══ Dataset section

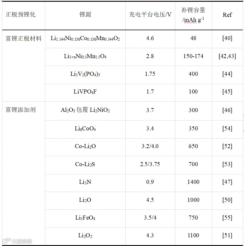 表1. 正极预锂化材料
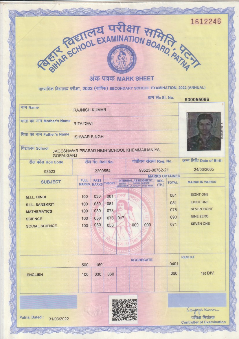 | Exam | Full Marks | Pass Marks | Marks Obtained |
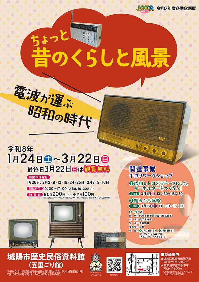 展示・展覧会 ワークショップ 〈城陽市〉冬季企画展「ちょっと昔のくらしと風景-電波が運ぶ 昭和の時代-」(1/24〜) 2026年1月24日(土)〜2026年3月22日(日) 城陽市歴史民俗資料館(五里ごり館)
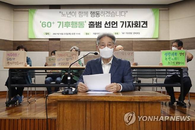 (서울=연합뉴스) 진연수 기자 = 안재웅 한국YMCA전국연맹 재단이사장이 23일 서울 중구 가톨릭회관에서 열린 '60+ 기후행동' 출범 선언 기자회견에서 발언하고 있다. 2021.9.23

════

Assignment
Could you write out every line above exactly as it stands, with no images?

Answer for the task
 表1. 正极预锂化材料
 | Exam | Full Marks | Pass Marks | Marks Obtained |
 展示・展覧会 ワークショップ 〈城陽市〉冬季企画展「ちょっと昔のくらしと風景-電波が運ぶ 昭和の時代-」(1/24〜) 2026年1月24日(土)〜2026年3月22日(日) 城陽市歴史民俗資料館(五里ごり館)
 (서울=연합뉴스) 진연수 기자 = 안재웅 한국YMCA전국연맹 재단이사장이 23일 서울 중구 가톨릭회관에서 열린 '60+ 기후행동' 출범 선언 기자회견에서 발언하고 있다. 2021.9.23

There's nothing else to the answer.